Trains are amazing for small countries, or between cities. The problem comes when you take into consideration how spread out the US is. You will always have cases where a car is needed, it’s unavoidable.

EVs are not a perfect solution, by a long shot. And ideally we would move away from cars being ubiquitous in America, but that is many, many years off. It’s better to work towards that slowly than it is to say “well it’s not perfect so let’s just not.”

[–] [email protected] 49 points 1 year ago* (last edited 1 year ago) (1 children)

You will always have cases where a car is needed, it’s unavoidable. That’s because it’s designed for cars. We have huge parking lots designed for cars but nothing for public transport. Whenever I travel to NYC or Chicago, I can go anywhere in trains and buses. In my city, I can’t even get milk without driving to a store.

[–] [email protected] 8 points 1 year ago (1 children)

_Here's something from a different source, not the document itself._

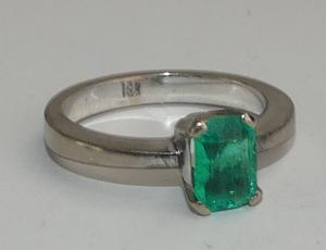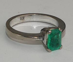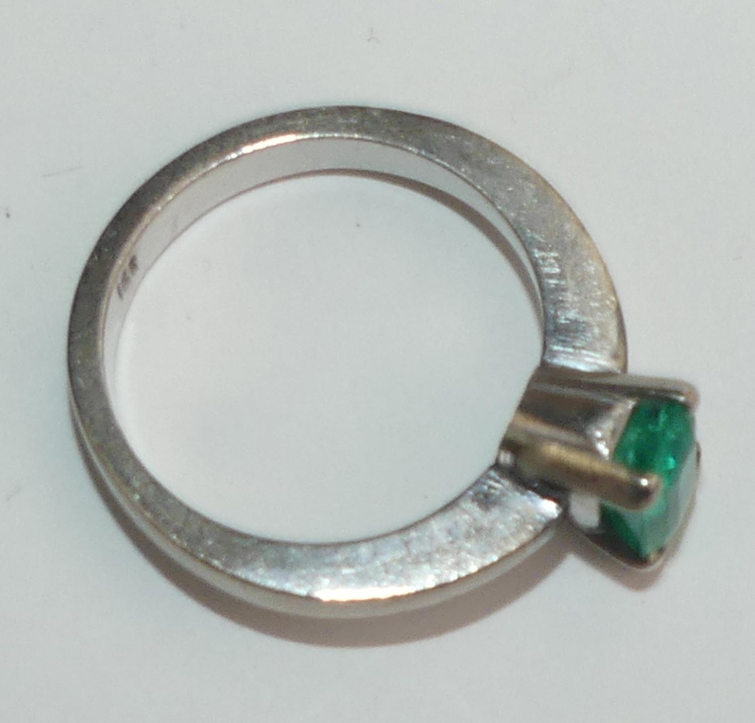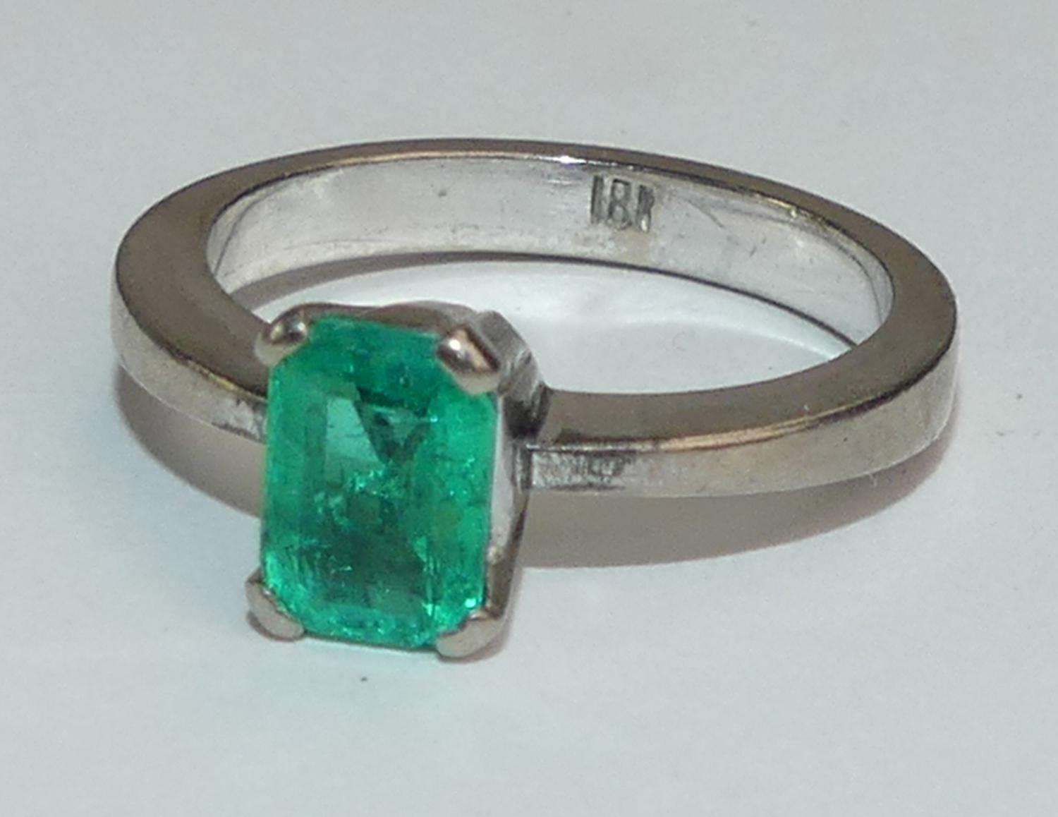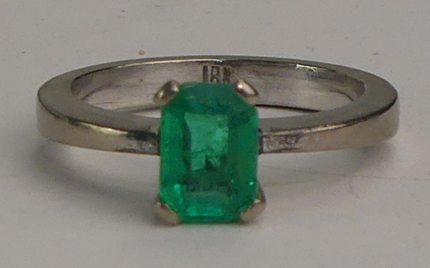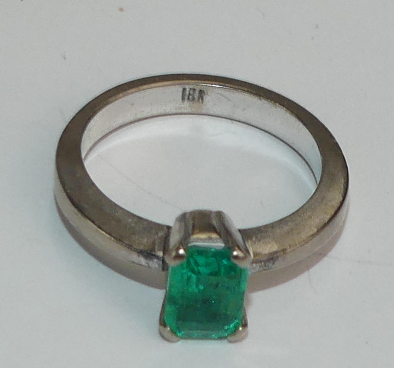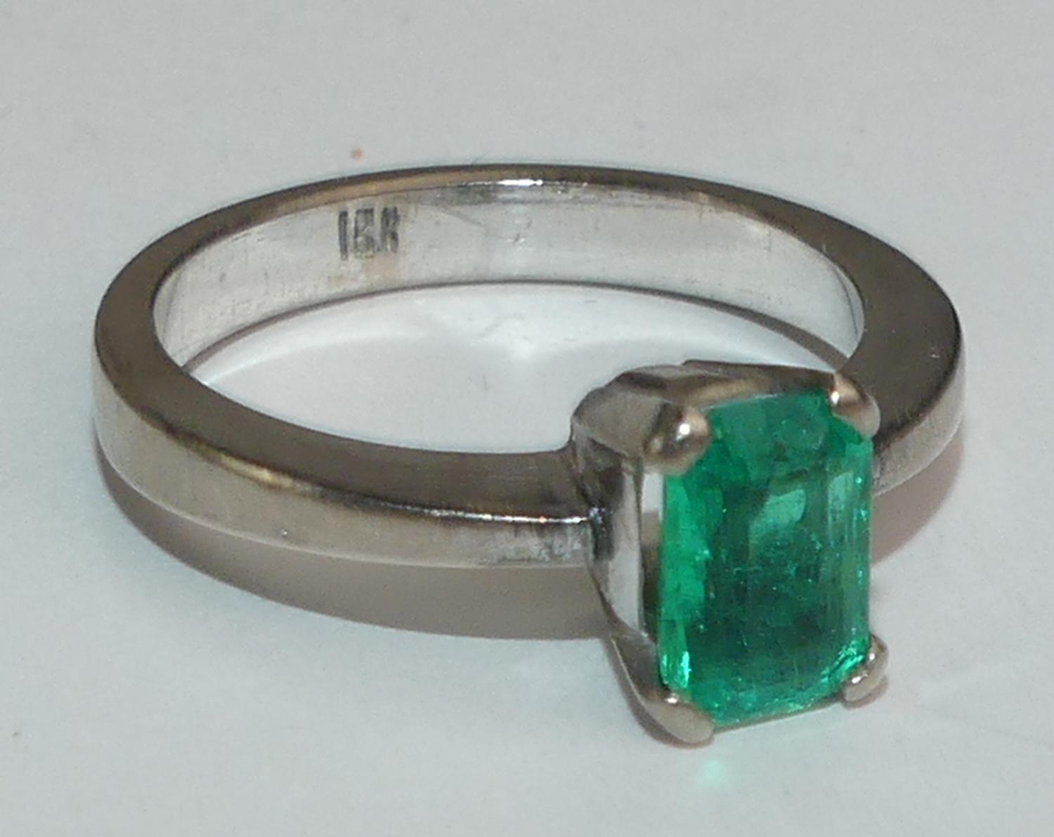 18k white gold emerald ring, size 6, weighing approx 4.9 grams

Because your store probably doesn't serve thousands of people to validate the cost of the infrastructure. My city has busses, but it also has corn fields and open lots and a lot of spread. It's just not viable to walk all your groceries a mile to and from the bus stop both ways for a bus that comes every hour. It's different when every train and bus is full and the need is well met.

Ask for more taxes and more spending on this infrastructure, or use your car.

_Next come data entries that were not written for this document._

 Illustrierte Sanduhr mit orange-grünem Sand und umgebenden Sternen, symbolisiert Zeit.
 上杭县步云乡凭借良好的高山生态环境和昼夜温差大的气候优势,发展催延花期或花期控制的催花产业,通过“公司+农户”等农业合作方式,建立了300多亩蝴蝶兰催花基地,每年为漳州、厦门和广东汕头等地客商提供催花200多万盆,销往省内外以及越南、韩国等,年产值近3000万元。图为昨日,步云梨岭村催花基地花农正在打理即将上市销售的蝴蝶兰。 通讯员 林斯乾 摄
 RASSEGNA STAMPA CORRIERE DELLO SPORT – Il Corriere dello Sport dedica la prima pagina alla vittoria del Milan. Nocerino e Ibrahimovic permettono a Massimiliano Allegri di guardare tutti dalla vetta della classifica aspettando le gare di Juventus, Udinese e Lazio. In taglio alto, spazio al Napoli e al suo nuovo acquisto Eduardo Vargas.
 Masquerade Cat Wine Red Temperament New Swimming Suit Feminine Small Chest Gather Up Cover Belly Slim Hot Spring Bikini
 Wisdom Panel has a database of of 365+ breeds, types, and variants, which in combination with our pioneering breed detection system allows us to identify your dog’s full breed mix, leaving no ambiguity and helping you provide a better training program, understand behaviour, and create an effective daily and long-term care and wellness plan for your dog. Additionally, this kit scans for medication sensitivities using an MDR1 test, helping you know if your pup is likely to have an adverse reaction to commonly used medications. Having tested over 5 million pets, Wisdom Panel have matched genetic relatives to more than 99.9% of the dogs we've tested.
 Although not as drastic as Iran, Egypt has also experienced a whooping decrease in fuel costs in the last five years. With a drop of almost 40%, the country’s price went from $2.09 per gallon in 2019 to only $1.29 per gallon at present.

[–] [email protected] 10 points 1 year ago (1 children)

The infrastructure is developed around cars so obviously using cars makes sense. We could have smaller grocery stores and have it closer to neighborhoods so people can walk to it but we have buses which only come once an hour which takes 30 minutes to drive 2 miles and your grocery trip will take 3 hours so you are better off just buying a car!

[–] [email protected] 6 points 1 year ago (3 children)

I don’t think you understand how spread out rural America is. A lot of areas have tiny grocery stores to support a small population spread over a wide area.

[–] [email protected] 11 points 1 year ago* (last edited 1 year ago)

The town I grew up in had no grocery stores, there was one small store a 20-min drive away that served all the surrounding towns. There was no work from home and if you had a job you had to have a car to get there.

The population was too small and too spread out to support any public transit. They now have a bus that goes from the center of town to the previously-mentioned grocery store, once a week on Sunday at 7am and then back at noon.

Still, getting to the center of town is quite the hike for many residents so I imagine for most a car is still essential.

And before anyone mentions the "infrastructure" being built for cars: this town was founded before cars were a thing. It was built for horses.

[–] [email protected] 4 points 1 year ago

Rural areas can keep their cars. 80% of America's population is urban, not rural. We do not need to hold back fixing things in cities just because rural America needs cars.

[–] [email protected] 3 points 1 year ago* (last edited 1 year ago)

I don’t think you understand how spread out rural America is.

But still that's not the point.

It has been decided to build infrastructure for cars into the smallest furthest villages and not to build infrastructure for trains into the smallest same villages.

That's why it is like it is.

Some other countries have made better decisions.

[–] [email protected] 40 points 1 year ago (2 children)

Oh pish posh. China is exactly as big as the US and you can get pretty much everywhere for a few bucks in high speed trains.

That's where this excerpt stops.